**RECORDS SHOWN**:

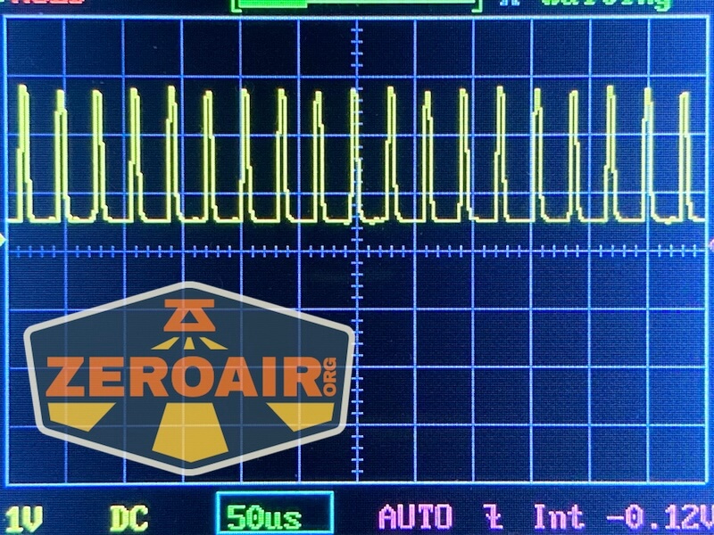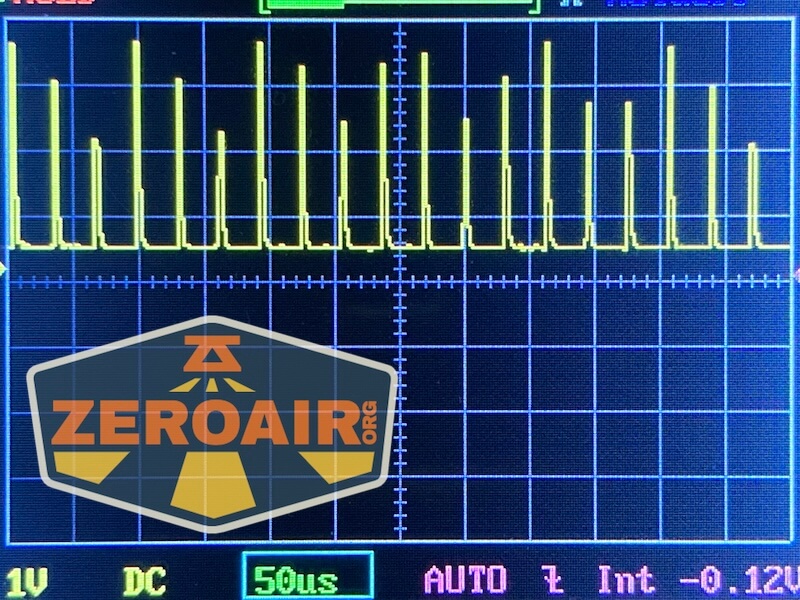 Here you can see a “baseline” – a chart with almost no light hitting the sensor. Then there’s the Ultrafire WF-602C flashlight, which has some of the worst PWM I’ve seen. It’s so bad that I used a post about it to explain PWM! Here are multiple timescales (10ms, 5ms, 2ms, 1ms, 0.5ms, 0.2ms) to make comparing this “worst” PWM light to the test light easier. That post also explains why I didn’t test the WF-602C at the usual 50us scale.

==

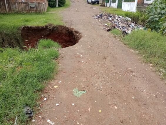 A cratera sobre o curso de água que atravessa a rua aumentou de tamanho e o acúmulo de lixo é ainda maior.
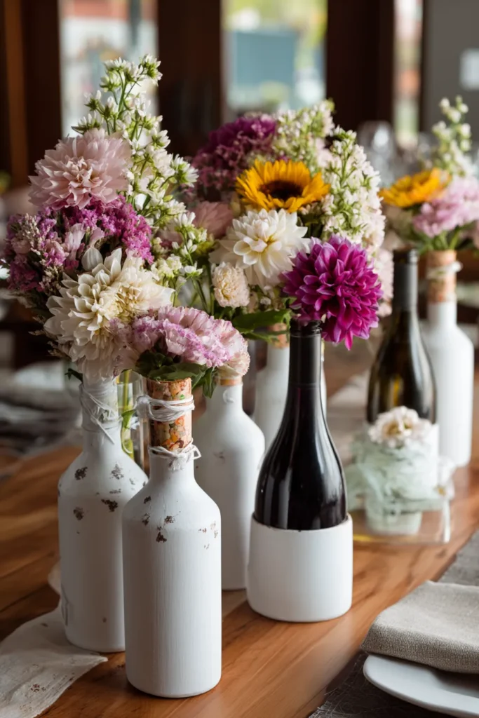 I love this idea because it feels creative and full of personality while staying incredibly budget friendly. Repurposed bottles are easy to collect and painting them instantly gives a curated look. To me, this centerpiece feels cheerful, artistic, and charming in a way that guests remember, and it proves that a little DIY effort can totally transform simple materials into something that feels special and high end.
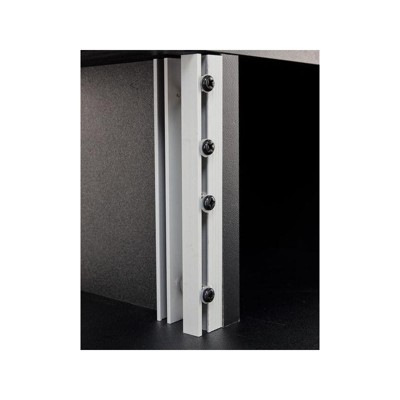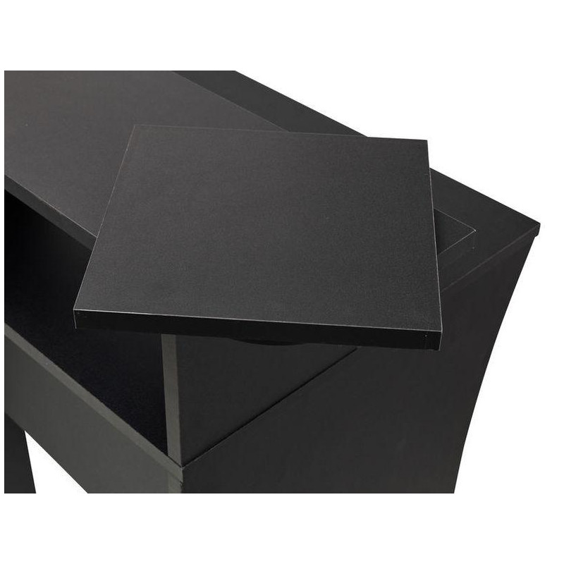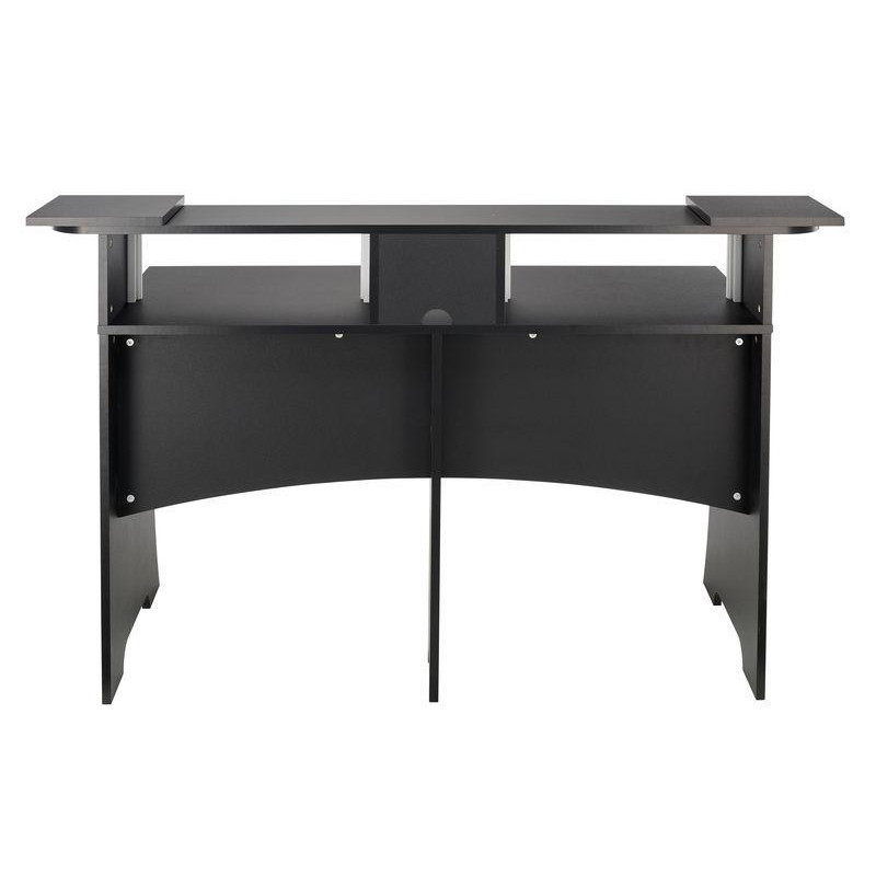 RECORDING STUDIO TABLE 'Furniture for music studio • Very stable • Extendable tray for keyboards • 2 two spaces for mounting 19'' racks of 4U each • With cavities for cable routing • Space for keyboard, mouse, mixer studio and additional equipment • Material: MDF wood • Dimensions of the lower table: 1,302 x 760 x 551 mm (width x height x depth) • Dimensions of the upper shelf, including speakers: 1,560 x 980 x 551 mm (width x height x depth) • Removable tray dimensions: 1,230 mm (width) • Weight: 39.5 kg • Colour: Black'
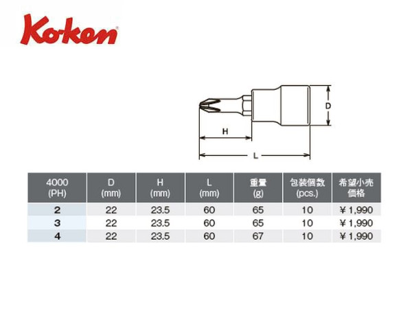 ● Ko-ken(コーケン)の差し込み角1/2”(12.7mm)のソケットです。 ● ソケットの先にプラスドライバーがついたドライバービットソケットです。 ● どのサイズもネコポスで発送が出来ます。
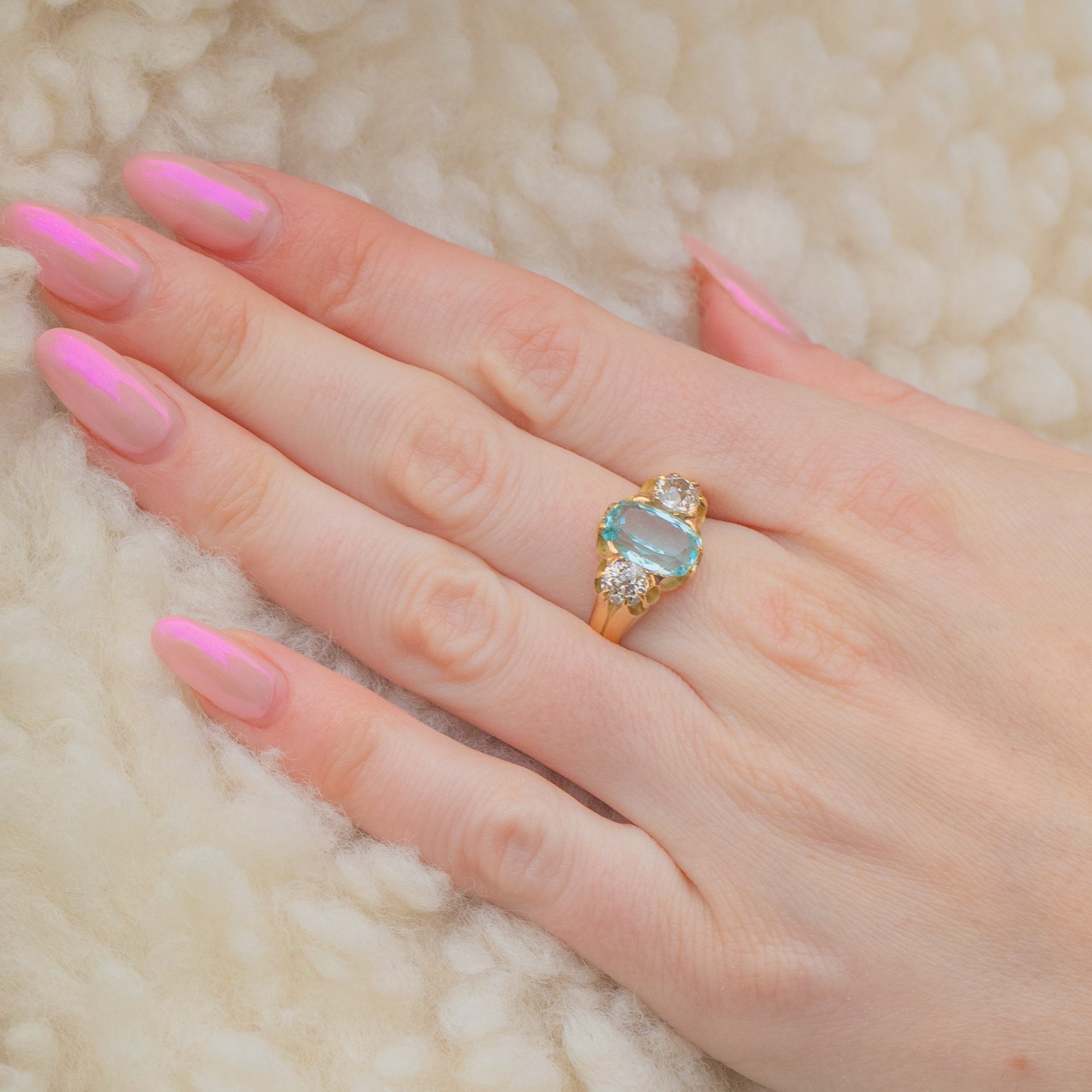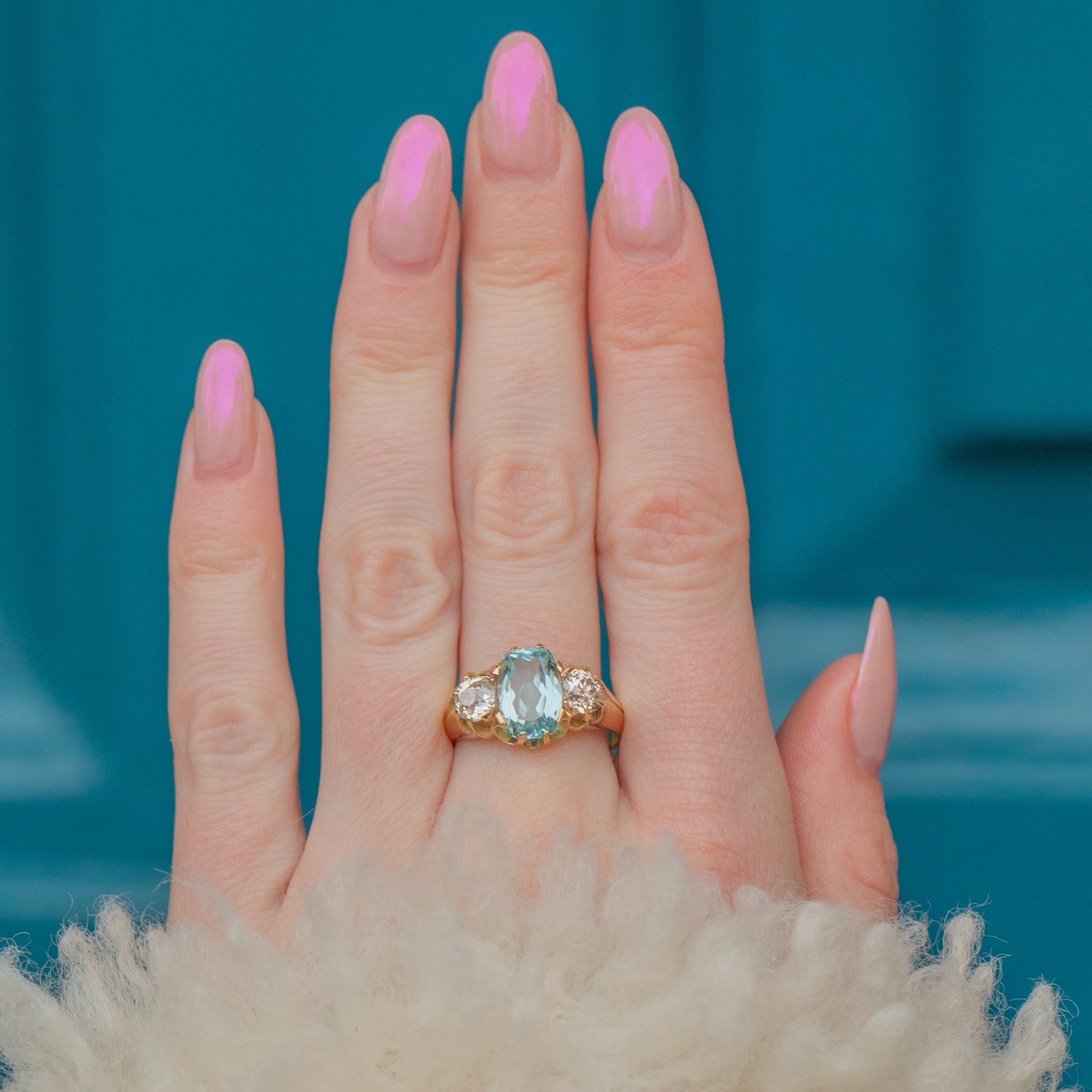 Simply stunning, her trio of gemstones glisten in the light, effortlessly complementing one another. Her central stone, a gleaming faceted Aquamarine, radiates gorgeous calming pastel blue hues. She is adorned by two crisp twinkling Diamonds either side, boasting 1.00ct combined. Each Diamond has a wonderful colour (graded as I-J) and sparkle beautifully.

--

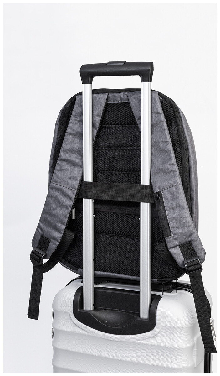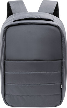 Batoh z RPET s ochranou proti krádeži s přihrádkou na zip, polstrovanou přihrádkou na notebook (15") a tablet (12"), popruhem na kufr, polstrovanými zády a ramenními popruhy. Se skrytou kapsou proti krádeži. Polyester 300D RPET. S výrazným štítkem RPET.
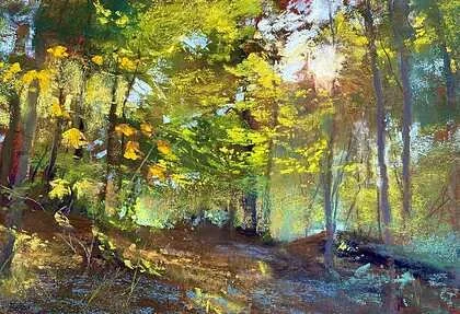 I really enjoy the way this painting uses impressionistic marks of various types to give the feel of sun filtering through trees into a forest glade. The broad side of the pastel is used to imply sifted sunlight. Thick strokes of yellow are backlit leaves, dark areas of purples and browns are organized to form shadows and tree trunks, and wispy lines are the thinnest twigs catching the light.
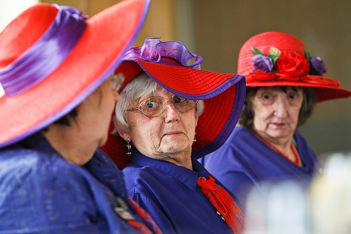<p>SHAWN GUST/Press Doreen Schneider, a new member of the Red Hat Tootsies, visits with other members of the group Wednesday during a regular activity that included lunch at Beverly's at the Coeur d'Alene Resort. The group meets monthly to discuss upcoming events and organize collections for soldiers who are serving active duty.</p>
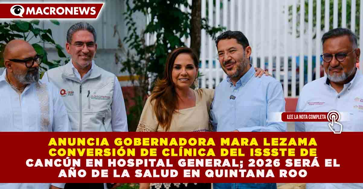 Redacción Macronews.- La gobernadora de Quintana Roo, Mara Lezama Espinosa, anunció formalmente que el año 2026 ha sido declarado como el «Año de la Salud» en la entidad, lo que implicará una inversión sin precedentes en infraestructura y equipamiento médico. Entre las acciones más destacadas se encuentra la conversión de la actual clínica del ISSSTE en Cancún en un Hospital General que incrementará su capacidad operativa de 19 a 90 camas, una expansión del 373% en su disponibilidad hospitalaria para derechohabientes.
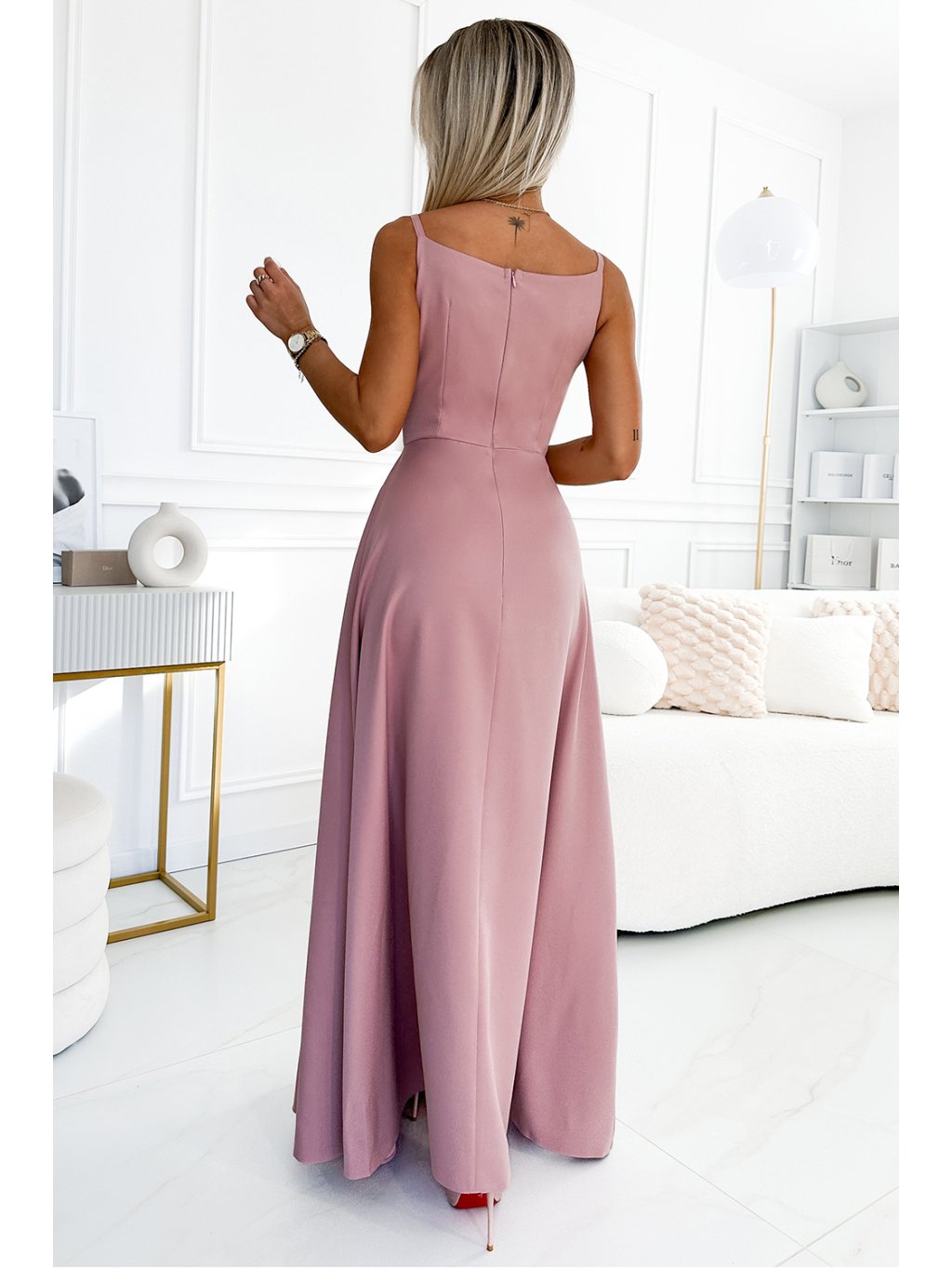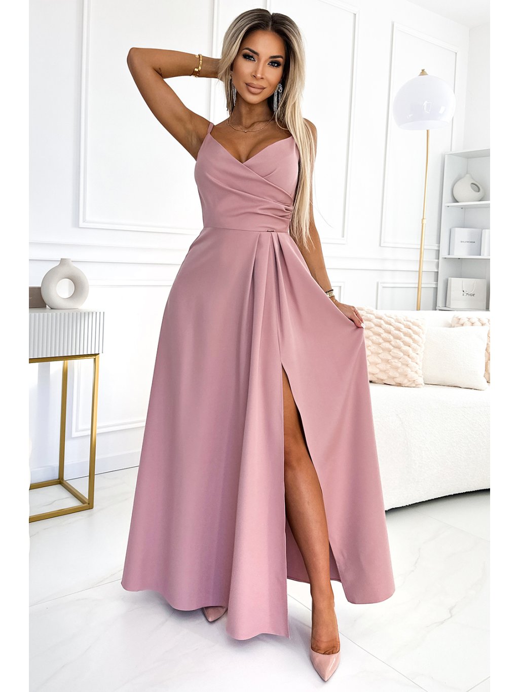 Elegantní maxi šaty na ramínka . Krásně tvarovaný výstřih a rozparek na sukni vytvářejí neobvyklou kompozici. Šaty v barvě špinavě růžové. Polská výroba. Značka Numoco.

**WHAT TO WORK ON**:
Skip every picture, and restate word for word only the lines above from the line containing "<p>SHAWN GUST/Press Doreen" to the line containing "Elegantní maxi šaty", both of them included.

**RESPONSE BOX**:
<p>SHAWN GUST/Press Doreen Schneider, a new member of the Red Hat Tootsies, visits with other members of the group Wednesday during a regular activity that included lunch at Beverly's at the Coeur d'Alene Resort. The group meets monthly to discuss upcoming events and organize collections for soldiers who are serving active duty.</p>
 Redacción Macronews.- La gobernadora de Quintana Roo, Mara Lezama Espinosa, anunció formalmente que el año 2026 ha sido declarado como el «Año de la Salud» en la entidad, lo que implicará una inversión sin precedentes en infraestructura y equipamiento médico. Entre las acciones más destacadas se encuentra la conversión de la actual clínica del ISSSTE en Cancún en un Hospital General que incrementará su capacidad operativa de 19 a 90 camas, una expansión del 373% en su disponibilidad hospitalaria para derechohabientes.
 Elegantní maxi šaty na ramínka . Krásně tvarovaný výstřih a rozparek na sukni vytvářejí neobvyklou kompozici. Šaty v barvě špinavě růžové. Polská výroba. Značka Numoco.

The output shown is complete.